On Wed, 2017-03-29 at 12:29 +0530, Maninder Singh wrote:
> This patch adds C11 memory barrier before updating the liblist next.
> 
> Issue Fix: race condition between add_name_to_object  & _dl_name_match_p.
> One threads calling dlopen which further calls add_name_to_object &
> other thread trying to resolve RTLD_LAZY symbols through
> _dl_runtime_resolve which further calls.
> 
> _dl_name_match_p checks if libname->next is valid, then it assumes
> libname->next->name to be valid. Also add_name_to_object initialized
> name first and then sets valid next pointer.

This patch is better, but it is still incomplete:

We want to document concurrent code in sufficient detail so that other
developers can understand the synchronization scheme without having to
review all potentially interacting code first.  (I'm aware that this
isn't the case in several parts of glibc code, but we're trying to
improve that.)  This means documenting, in comments in the code, the
synchronization scheme that is intended.  In this particular case, this
is this libname_list:
* What concurrent operations can run on it?  Apparently, search in
_dl_name_match_p can be concurrent with insertion.  Can insertion be
concurrent with other insertion or not (if so, why)?
* What are the important happens-before relationships we need to ensure?
(For example, in this case, we need to ensure that if we see a list
element in search, then all stores to the fields of list element happen
before the search operation looks at the fields.)
* What release operations and acquire operations are supposed to
synchronize with each other.  In your patch, it's these two.  If we
don't document this, it will be much harder for other developers to
figure out what the necessary pairings are.  You analyzed that already,
so tell others about it.

Documenting the code in this way is a good test to see if you have
really analyzed the synchronization problem completely.  (If one can't
clearly explain how something is supposed to work, perhaps one doesn't
yet fully understand it.)

As noted on the Concurrency wiki page, we don't use atomic types, but
use the atomic_* functions consistently as if they'd be required for
atomic types.  That is, the next field would be an atomic type,
conceptually, and you should use atomic_load_relaxed for accesses to the
next field in the list search of the insertion operation, for example.
The only exception we make is for initializing stores.

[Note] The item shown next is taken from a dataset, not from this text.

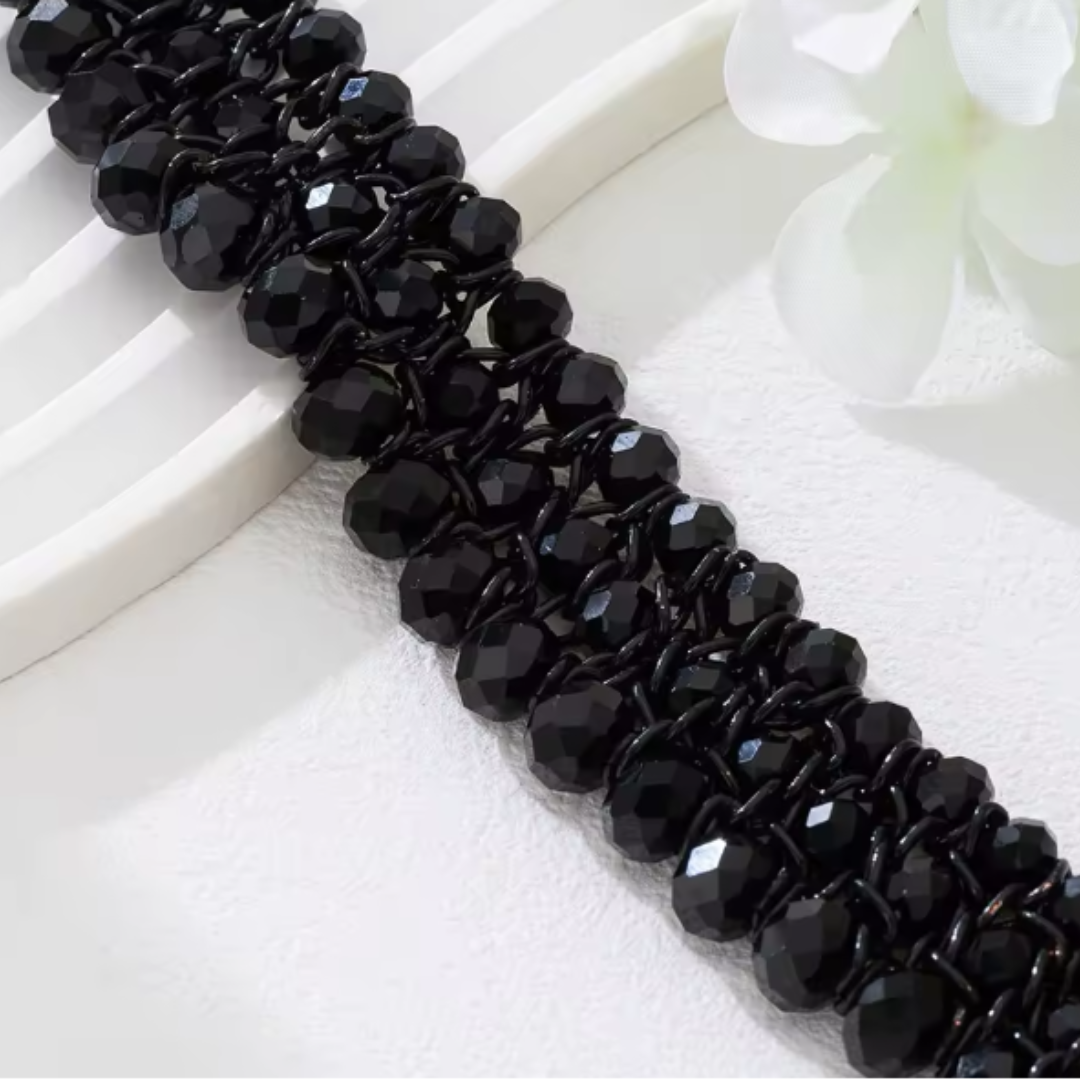 Kolia NOIR AMORE ONYX to wyrazista biżuteria o luksusowym charakterze. Gęsto układane elementy z czarnego onyksu tworzą efekt głębi i subtelnego blasku, podkreślając dekolt i nadając stylizacji wyjątkowej elegancji.

> This patch avoids any reorder of instruction when next is set before
> name to avoid any race.

> Signed-off-by: Maninder Singh <maninder1.s@samsung.com>
> Signed-off-by: Vaneet Narang <v.narang@samsung.com>
> ---
> v1 -> v2 use C11 atomics rather than direct memory barriers
> 
>  elf/dl-load.c |    2 +-
>  elf/dl-misc.c |    2 +-
>  2 files changed, 2 insertions(+), 2 deletions(-)
> 
> diff --git a/elf/dl-load.c b/elf/dl-load.c
> index a5318f9..52df931 100644
> --- a/elf/dl-load.c
> +++ b/elf/dl-load.c
> @@ -418,7 +418,7 @@ add_name_to_object (struct link_map *l, const char *name)
>    newname->name = memcpy (newname + 1, name, name_len);
>    newname->next = NULL;
>    newname->dont_free = 0;
> -  lastp->next = newname;
> +  atomic_store_release (&(lastp->next), newname);

You can drop the inner parentheses.
Space between name of the function that you call and its arguments (see
the memcpy above).

>  }
>  
>  /* Standard search directories.  */
> diff --git a/elf/dl-misc.c b/elf/dl-misc.c
> index 1e9a6ee..8f48751 100644
> --- a/elf/dl-misc.c
> +++ b/elf/dl-misc.c
> @@ -295,7 +295,7 @@ _dl_name_match_p (const char *name, const struct link_map *map)
>      if (strcmp (name, runp->name) == 0)
>        return 1;
>      else
> -      runp = runp->next;
> +      runp = atomic_load_acquire(&(runp->next));

Likewise.

>  
>    return 0;
>  }